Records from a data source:
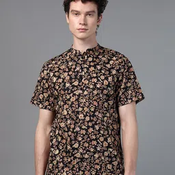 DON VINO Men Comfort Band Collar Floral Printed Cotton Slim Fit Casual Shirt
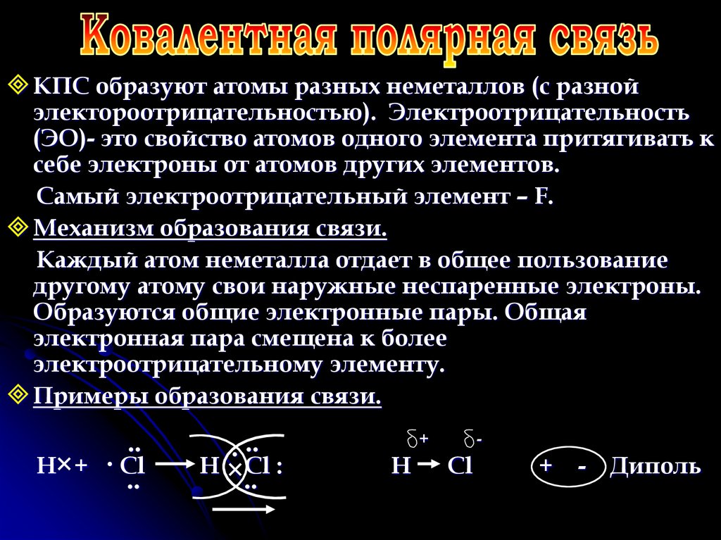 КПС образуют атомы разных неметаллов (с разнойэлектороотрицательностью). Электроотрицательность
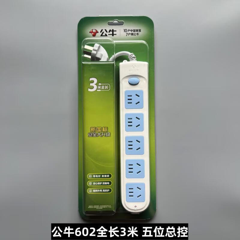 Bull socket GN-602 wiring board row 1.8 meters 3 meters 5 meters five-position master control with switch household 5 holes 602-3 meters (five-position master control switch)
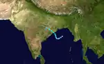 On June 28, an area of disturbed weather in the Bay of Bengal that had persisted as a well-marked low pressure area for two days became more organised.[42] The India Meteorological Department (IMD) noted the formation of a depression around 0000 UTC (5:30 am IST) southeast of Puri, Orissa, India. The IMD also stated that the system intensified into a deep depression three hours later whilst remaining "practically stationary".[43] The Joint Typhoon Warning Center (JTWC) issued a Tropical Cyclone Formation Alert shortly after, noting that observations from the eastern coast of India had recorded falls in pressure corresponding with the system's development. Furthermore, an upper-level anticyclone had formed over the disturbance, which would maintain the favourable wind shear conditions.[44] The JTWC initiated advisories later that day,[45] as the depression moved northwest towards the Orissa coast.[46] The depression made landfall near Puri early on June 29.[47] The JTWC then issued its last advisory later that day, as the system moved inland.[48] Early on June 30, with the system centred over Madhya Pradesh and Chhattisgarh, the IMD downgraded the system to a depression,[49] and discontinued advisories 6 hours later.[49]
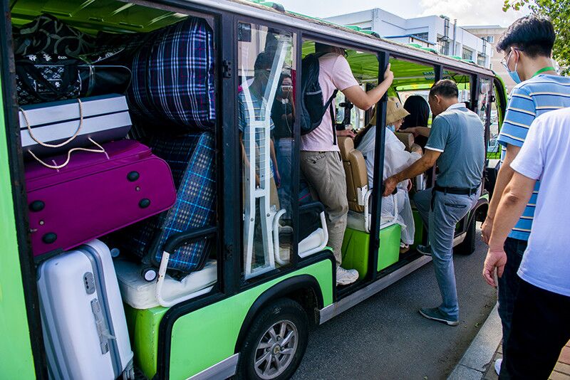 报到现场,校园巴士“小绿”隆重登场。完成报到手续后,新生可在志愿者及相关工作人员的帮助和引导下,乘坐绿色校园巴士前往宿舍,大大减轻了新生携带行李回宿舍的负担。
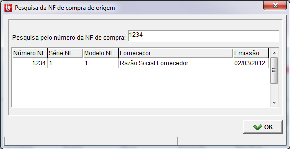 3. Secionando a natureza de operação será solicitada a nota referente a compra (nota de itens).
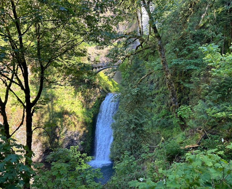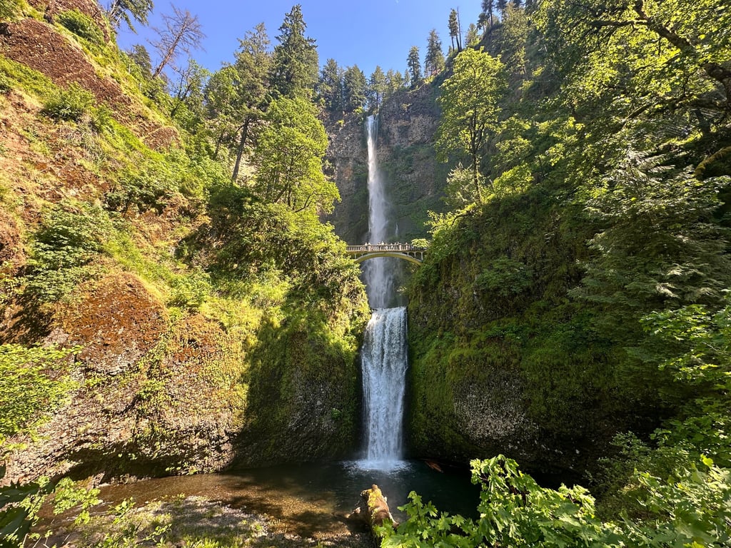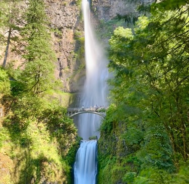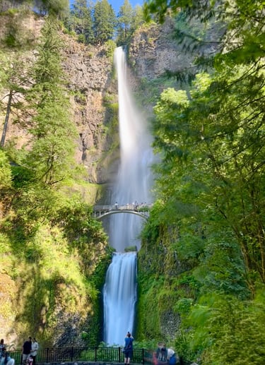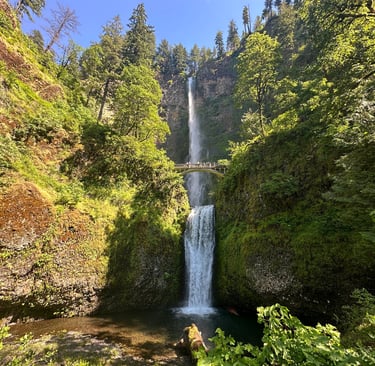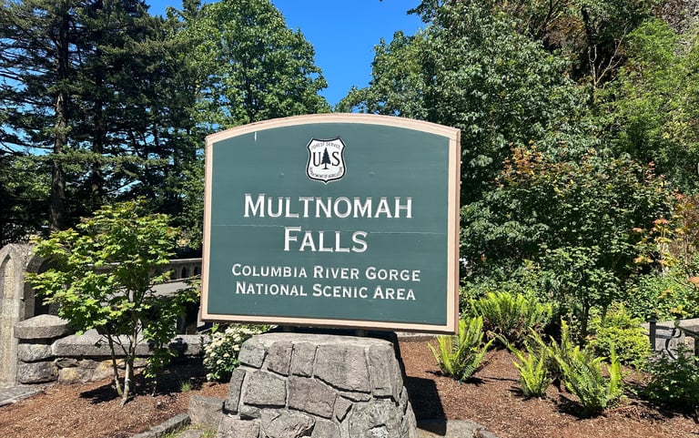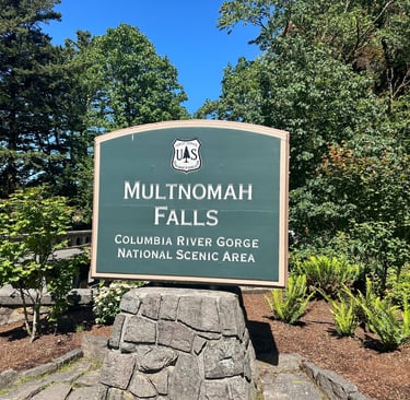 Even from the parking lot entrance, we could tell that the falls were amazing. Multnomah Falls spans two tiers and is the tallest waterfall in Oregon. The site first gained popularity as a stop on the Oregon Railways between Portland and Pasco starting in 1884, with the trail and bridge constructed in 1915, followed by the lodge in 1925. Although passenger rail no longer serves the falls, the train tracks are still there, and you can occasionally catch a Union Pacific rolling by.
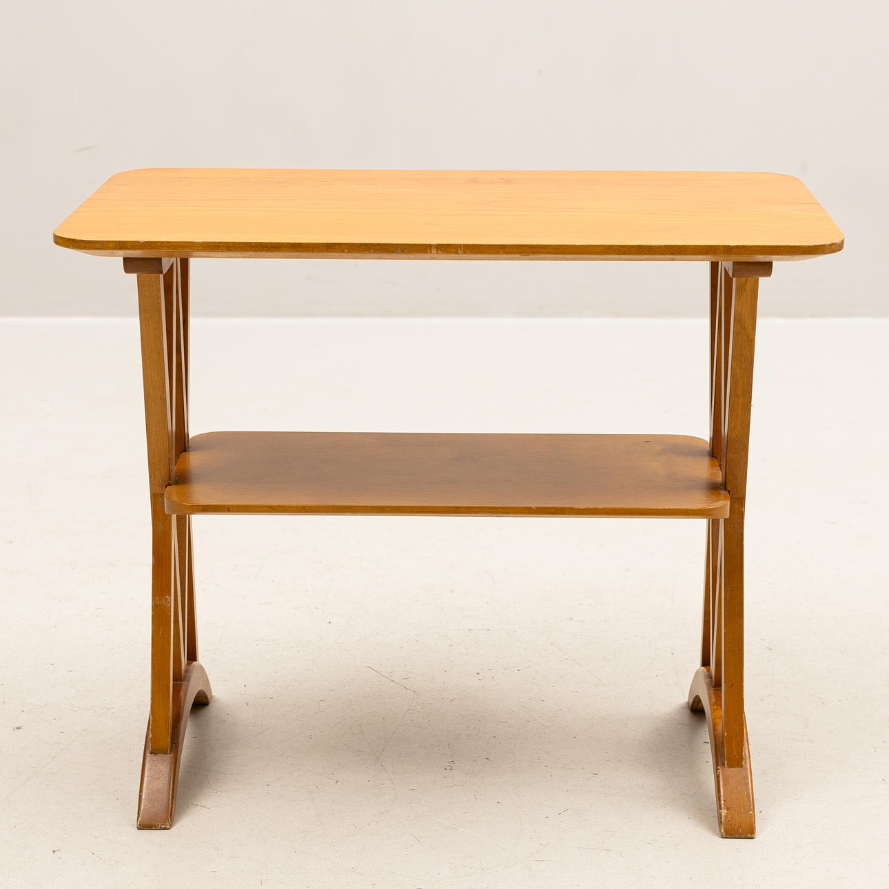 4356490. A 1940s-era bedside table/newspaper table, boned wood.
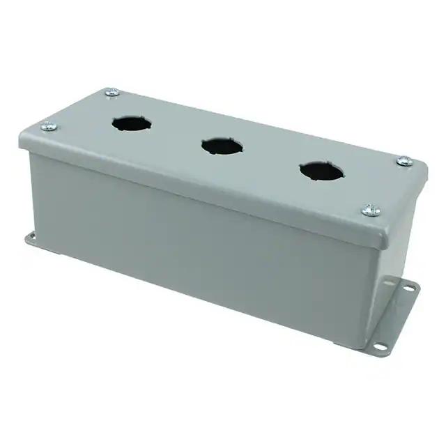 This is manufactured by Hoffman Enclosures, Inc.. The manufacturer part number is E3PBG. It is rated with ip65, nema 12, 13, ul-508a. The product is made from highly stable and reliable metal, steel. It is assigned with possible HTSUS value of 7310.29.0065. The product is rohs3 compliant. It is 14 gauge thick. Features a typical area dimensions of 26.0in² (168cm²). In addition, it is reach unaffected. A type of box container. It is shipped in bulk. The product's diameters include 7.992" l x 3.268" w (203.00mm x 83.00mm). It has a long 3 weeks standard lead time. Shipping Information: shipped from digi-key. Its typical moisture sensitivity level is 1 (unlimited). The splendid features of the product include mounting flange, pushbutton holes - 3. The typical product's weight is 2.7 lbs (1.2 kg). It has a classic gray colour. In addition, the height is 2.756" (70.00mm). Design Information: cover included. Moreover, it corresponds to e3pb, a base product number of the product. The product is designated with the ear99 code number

## To do
Write the records out again exactly; none of the pictures belong in the copy.

## Exercise response
 DON VINO Men Comfort Band Collar Floral Printed Cotton Slim Fit Casual Shirt
 КПС образуют атомы разных неметаллов (с разнойэлектороотрицательностью). Электроотрицательность
 Bull socket GN-602 wiring board row 1.8 meters 3 meters 5 meters five-position master control with switch household 5 holes 602-3 meters (five-position master control switch)
 On June 28, an area of disturbed weather in the Bay of Bengal that had persisted as a well-marked low pressure area for two days became more organised.[42] The India Meteorological Department (IMD) noted the formation of a depression around 0000 UTC (5:30 am IST) southeast of Puri, Orissa, India. The IMD also stated that the system intensified into a deep depression three hours later whilst remaining "practically stationary".[43] The Joint Typhoon Warning Center (JTWC) issued a Tropical Cyclone Formation Alert shortly after, noting that observations from the eastern coast of India had recorded falls in pressure corresponding with the system's development. Furthermore, an upper-level anticyclone had formed over the disturbance, which would maintain the favourable wind shear conditions.[44] The JTWC initiated advisories later that day,[45] as the depression moved northwest towards the Orissa coast.[46] The depression made landfall near Puri early on June 29.[47] The JTWC then issued its last advisory later that day, as the system moved inland.[48] Early on June 30, with the system centred over Madhya Pradesh and Chhattisgarh, the IMD downgraded the system to a depression,[49] and discontinued advisories 6 hours later.[49]
 报到现场,校园巴士“小绿”隆重登场。完成报到手续后,新生可在志愿者及相关工作人员的帮助和引导下,乘坐绿色校园巴士前往宿舍,大大减轻了新生携带行李回宿舍的负担。
 3. Secionando a natureza de operação será solicitada a nota referente a compra (nota de itens).
 Even from the parking lot entrance, we could tell that the falls were amazing. Multnomah Falls spans two tiers and is the tallest waterfall in Oregon. The site first gained popularity as a stop on the Oregon Railways between Portland and Pasco starting in 1884, with the trail and bridge constructed in 1915, followed by the lodge in 1925. Although passenger rail no longer serves the falls, the train tracks are still there, and you can occasionally catch a Union Pacific rolling by.
 4356490. A 1940s-era bedside table/newspaper table, boned wood.
 This is manufactured by Hoffman Enclosures, Inc.. The manufacturer part number is E3PBG. It is rated with ip65, nema 12, 13, ul-508a. The product is made from highly stable and reliable metal, steel. It is assigned with possible HTSUS value of 7310.29.0065. The product is rohs3 compliant. It is 14 gauge thick. Features a typical area dimensions of 26.0in² (168cm²). In addition, it is reach unaffected. A type of box container. It is shipped in bulk. The product's diameters include 7.992" l x 3.268" w (203.00mm x 83.00mm). It has a long 3 weeks standard lead time. Shipping Information: shipped from digi-key. Its typical moisture sensitivity level is 1 (unlimited). The splendid features of the product include mounting flange, pushbutton holes - 3. The typical product's weight is 2.7 lbs (1.2 kg). It has a classic gray colour. In addition, the height is 2.756" (70.00mm). Design Information: cover included. Moreover, it corresponds to e3pb, a base product number of the product. The product is designated with the ear99 code number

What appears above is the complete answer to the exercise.